In the listing, locate the line containing "据公开信息显示,2022年1", then quote it and all following lines exactly. Omit pictures.
BEGIN
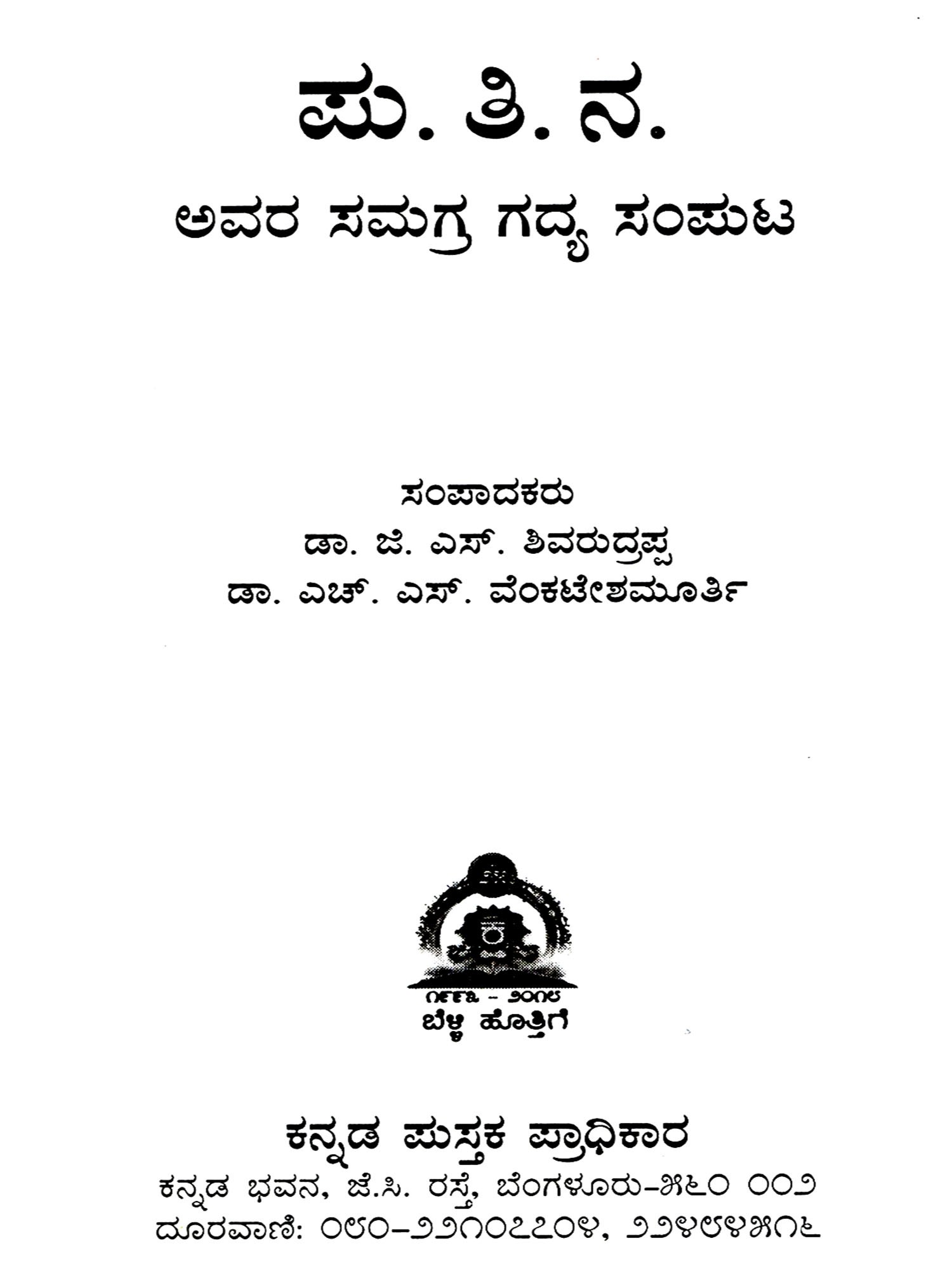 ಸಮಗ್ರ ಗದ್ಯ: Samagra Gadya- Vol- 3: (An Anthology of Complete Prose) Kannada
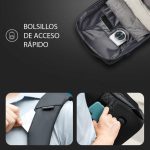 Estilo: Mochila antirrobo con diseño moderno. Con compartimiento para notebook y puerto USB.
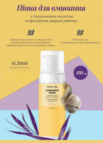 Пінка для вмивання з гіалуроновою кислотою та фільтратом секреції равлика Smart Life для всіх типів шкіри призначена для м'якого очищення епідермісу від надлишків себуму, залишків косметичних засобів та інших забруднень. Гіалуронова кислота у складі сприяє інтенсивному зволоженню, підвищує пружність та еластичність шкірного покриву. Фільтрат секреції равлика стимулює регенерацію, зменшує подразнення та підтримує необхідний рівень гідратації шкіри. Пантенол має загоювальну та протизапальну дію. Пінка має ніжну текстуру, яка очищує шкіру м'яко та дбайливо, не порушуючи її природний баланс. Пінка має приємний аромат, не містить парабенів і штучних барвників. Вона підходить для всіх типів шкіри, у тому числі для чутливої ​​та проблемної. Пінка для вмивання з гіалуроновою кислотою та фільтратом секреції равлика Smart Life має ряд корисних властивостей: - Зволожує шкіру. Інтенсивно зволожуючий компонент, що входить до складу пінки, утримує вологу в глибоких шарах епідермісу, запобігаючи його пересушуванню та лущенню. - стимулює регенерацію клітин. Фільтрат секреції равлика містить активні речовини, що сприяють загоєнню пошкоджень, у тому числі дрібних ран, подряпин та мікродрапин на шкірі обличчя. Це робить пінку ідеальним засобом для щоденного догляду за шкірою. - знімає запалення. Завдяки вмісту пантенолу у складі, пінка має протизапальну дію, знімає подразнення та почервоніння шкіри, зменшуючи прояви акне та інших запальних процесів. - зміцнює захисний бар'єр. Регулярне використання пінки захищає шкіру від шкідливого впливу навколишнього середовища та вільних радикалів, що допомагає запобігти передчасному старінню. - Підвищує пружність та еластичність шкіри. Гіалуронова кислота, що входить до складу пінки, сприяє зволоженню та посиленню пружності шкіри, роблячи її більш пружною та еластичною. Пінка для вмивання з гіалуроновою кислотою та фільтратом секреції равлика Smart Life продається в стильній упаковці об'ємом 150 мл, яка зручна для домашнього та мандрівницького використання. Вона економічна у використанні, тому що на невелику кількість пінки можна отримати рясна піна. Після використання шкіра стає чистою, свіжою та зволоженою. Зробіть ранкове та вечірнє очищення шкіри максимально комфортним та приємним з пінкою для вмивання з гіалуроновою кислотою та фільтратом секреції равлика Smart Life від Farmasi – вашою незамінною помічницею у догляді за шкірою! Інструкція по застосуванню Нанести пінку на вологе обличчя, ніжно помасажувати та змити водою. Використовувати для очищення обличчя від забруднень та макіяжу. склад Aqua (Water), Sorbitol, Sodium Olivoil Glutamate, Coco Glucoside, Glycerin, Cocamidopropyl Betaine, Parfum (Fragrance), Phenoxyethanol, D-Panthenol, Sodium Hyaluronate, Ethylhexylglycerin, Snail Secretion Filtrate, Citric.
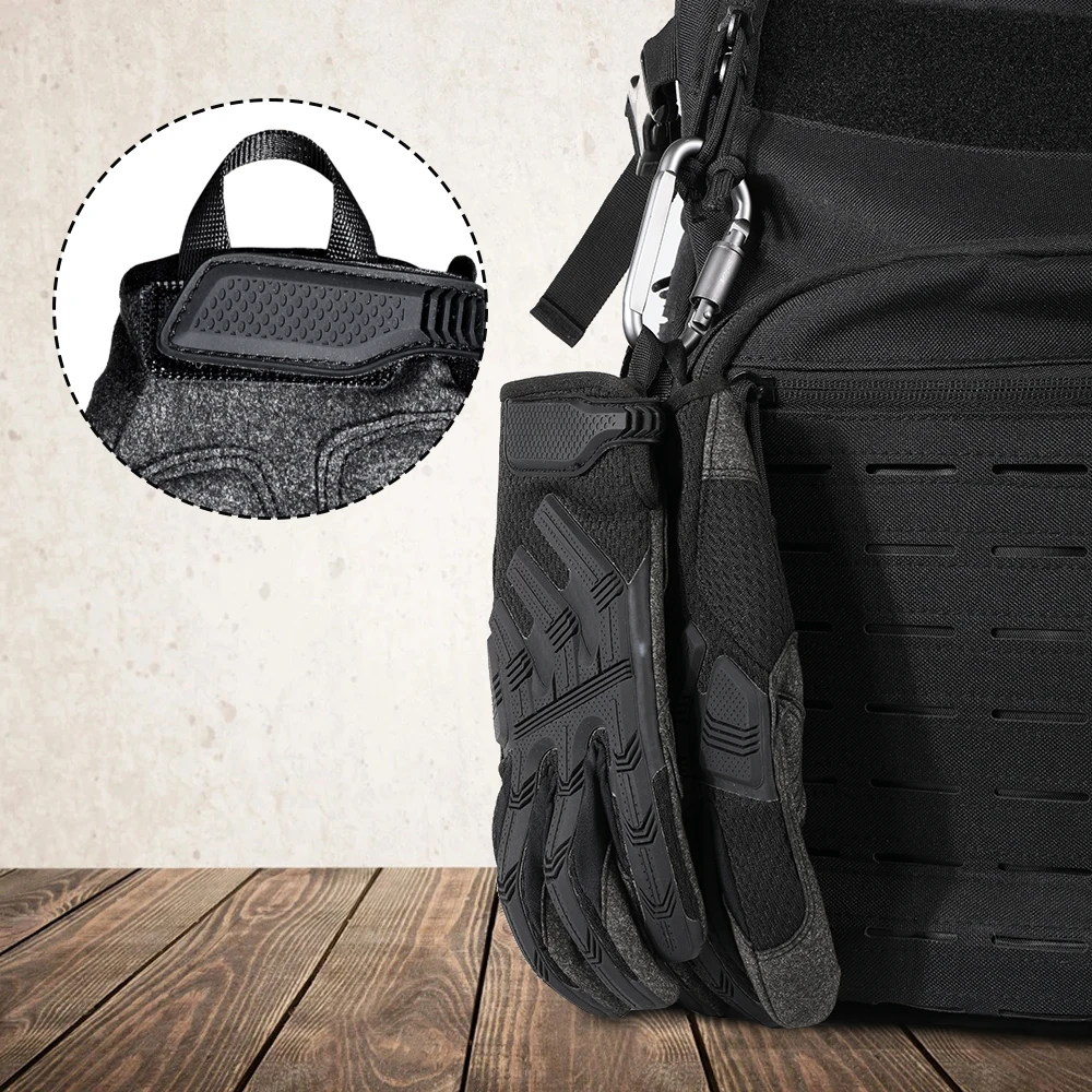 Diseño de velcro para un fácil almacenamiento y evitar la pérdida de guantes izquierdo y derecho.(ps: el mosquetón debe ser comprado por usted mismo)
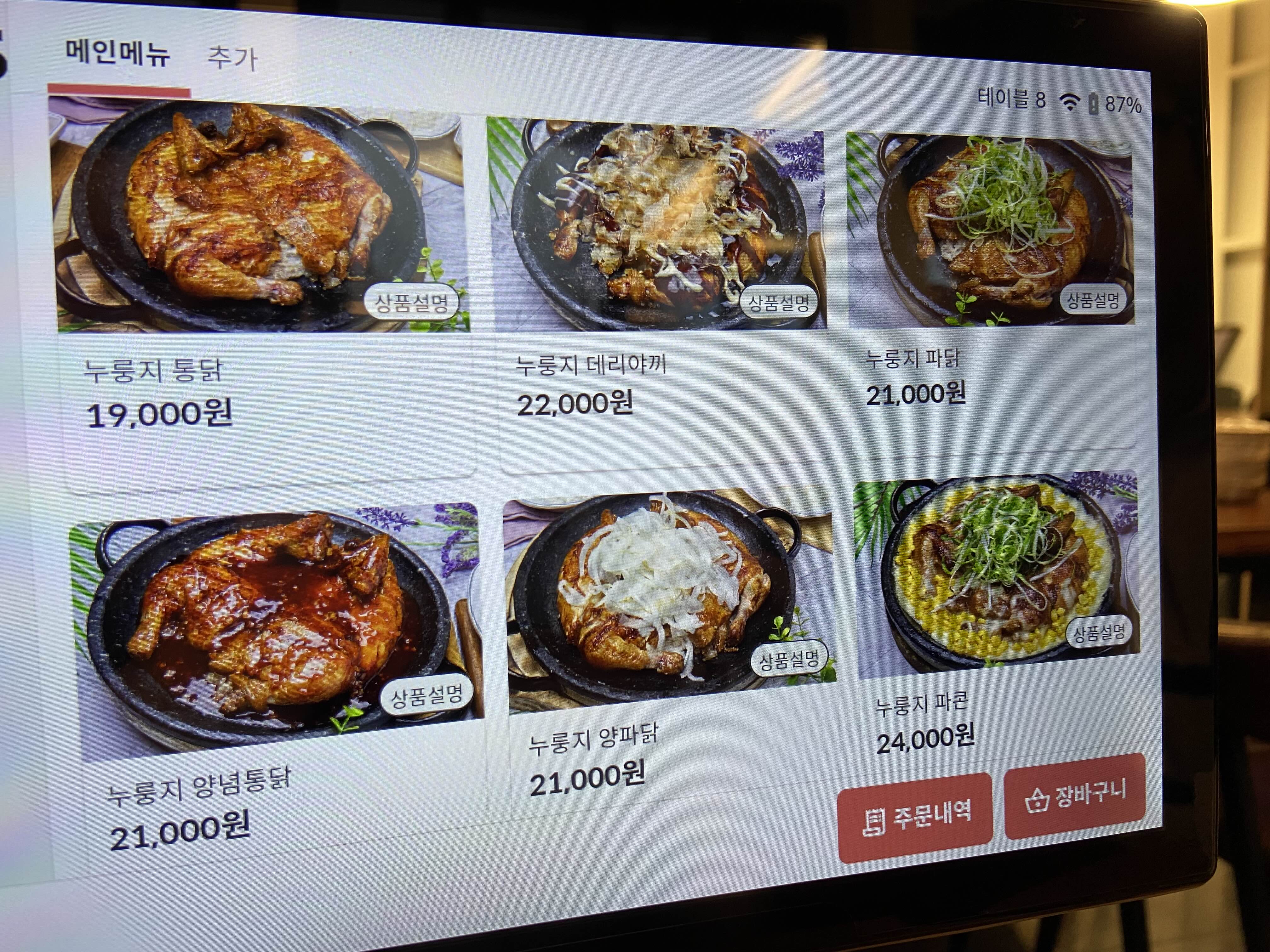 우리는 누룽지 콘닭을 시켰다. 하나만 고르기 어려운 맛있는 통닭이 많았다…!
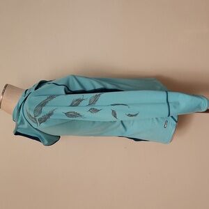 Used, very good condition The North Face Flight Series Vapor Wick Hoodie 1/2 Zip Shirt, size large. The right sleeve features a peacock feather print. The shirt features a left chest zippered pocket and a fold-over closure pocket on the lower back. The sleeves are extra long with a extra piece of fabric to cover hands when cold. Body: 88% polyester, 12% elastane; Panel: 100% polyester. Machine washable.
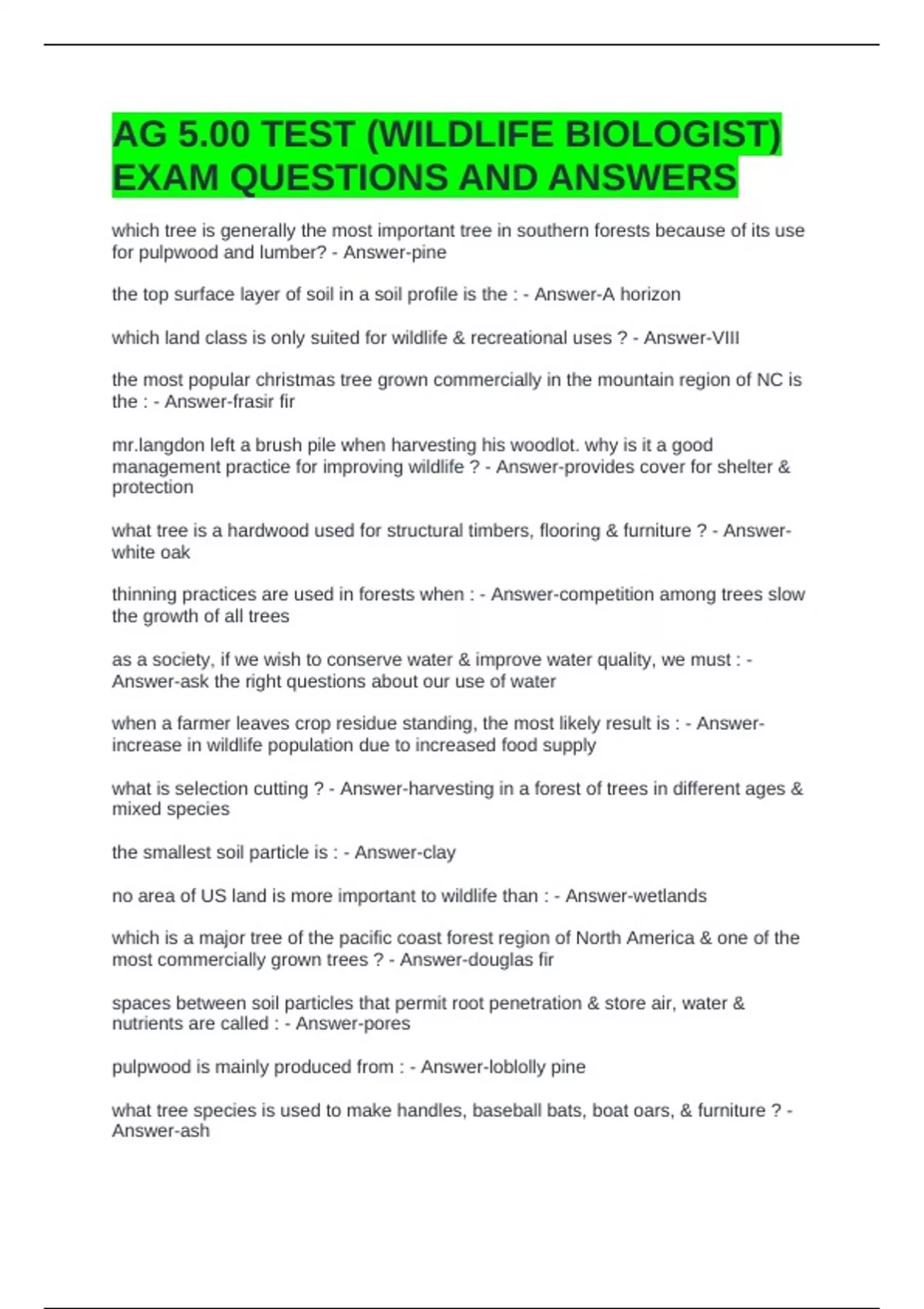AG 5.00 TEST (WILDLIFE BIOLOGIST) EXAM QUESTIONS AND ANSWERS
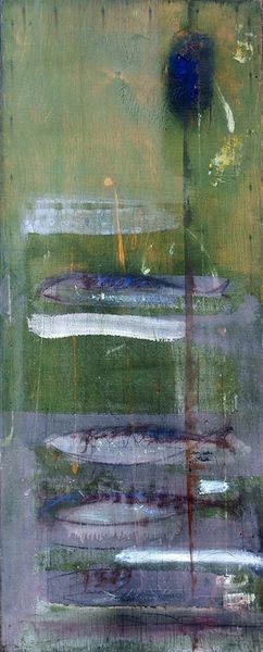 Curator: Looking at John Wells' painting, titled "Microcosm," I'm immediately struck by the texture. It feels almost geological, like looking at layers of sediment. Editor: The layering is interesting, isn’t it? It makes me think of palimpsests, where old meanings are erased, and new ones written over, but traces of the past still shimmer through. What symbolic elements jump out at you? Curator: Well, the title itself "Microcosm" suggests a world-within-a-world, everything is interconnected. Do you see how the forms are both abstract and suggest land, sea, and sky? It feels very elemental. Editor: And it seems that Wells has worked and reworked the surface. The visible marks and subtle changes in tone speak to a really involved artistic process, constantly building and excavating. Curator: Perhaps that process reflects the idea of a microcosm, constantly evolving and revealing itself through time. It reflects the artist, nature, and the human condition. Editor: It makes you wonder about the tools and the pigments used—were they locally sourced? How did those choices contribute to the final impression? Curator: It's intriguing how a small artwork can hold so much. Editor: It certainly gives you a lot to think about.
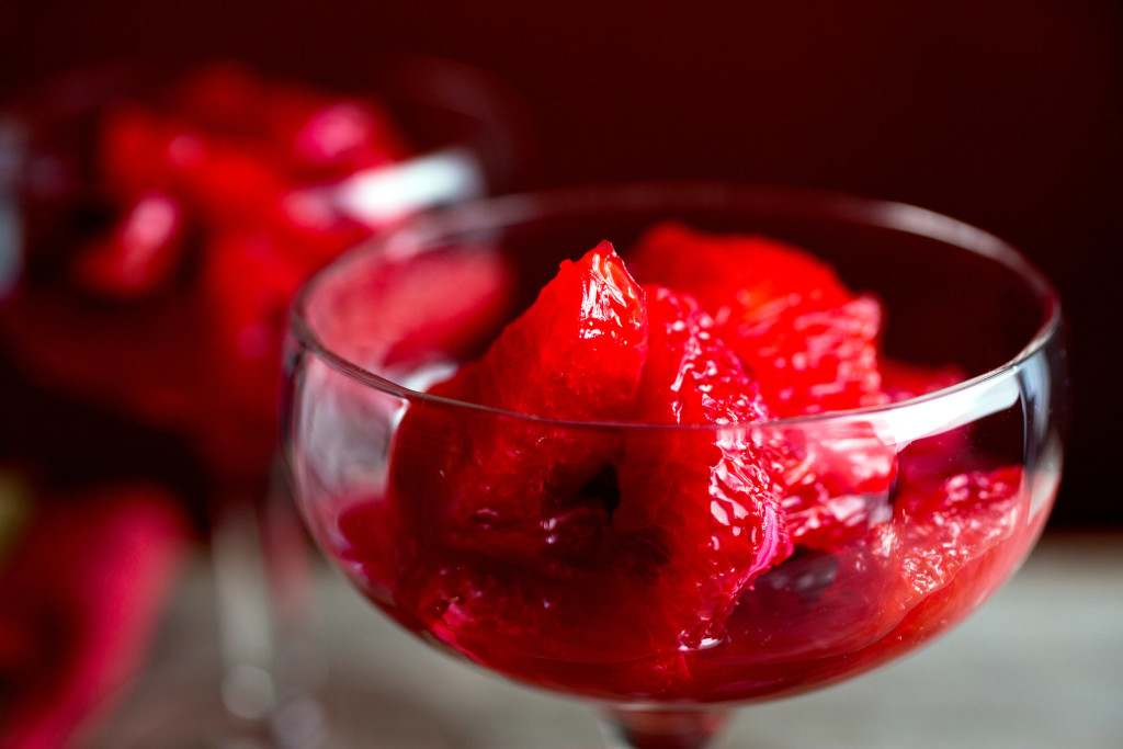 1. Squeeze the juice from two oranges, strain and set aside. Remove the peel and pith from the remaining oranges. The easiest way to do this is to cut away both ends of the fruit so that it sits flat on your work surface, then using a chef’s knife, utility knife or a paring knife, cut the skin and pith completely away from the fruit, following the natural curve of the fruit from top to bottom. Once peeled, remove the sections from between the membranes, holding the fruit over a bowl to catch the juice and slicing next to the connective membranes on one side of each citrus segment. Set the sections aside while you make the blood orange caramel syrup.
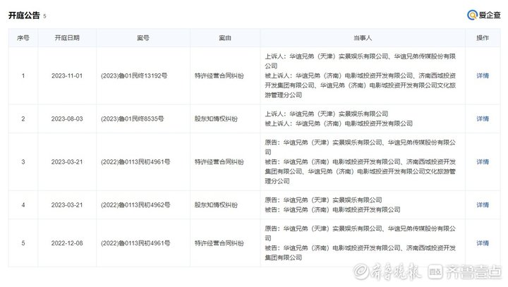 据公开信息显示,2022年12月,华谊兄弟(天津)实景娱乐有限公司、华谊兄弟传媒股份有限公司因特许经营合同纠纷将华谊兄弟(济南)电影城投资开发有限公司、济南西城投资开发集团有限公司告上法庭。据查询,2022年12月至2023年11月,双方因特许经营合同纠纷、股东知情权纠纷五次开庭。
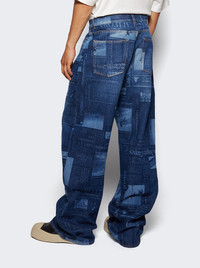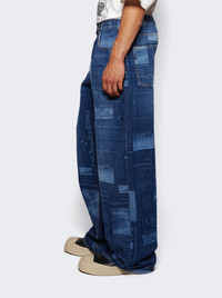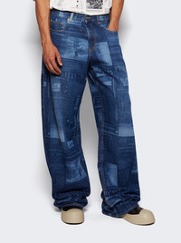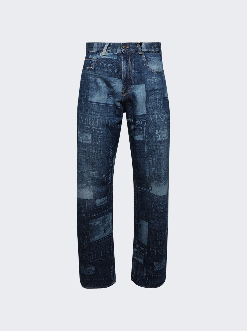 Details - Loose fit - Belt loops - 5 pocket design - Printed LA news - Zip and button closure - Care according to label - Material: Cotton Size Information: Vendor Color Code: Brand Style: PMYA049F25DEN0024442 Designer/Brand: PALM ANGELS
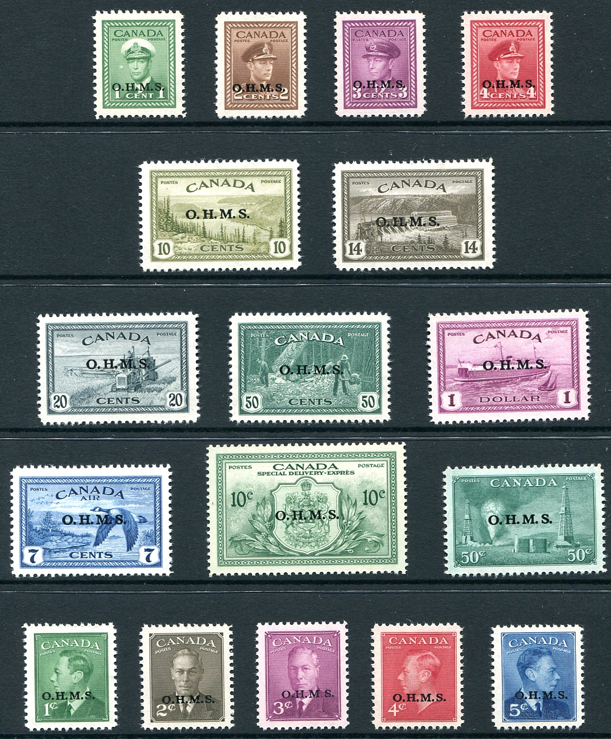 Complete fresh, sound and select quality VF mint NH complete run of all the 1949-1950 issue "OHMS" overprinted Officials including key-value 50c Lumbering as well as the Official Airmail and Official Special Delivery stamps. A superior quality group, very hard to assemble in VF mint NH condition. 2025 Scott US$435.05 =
END
TASK ANSWER:
 据公开信息显示,2022年12月,华谊兄弟(天津)实景娱乐有限公司、华谊兄弟传媒股份有限公司因特许经营合同纠纷将华谊兄弟(济南)电影城投资开发有限公司、济南西城投资开发集团有限公司告上法庭。据查询,2022年12月至2023年11月,双方因特许经营合同纠纷、股东知情权纠纷五次开庭。
 Details - Loose fit - Belt loops - 5 pocket design - Printed LA news - Zip and button closure - Care according to label - Material: Cotton Size Information: Vendor Color Code: Brand Style: PMYA049F25DEN0024442 Designer/Brand: PALM ANGELS
 Complete fresh, sound and select quality VF mint NH complete run of all the 1949-1950 issue "OHMS" overprinted Officials including key-value 50c Lumbering as well as the Official Airmail and Official Special Delivery stamps. A superior quality group, very hard to assemble in VF mint NH condition. 2025 Scott US$435.05 =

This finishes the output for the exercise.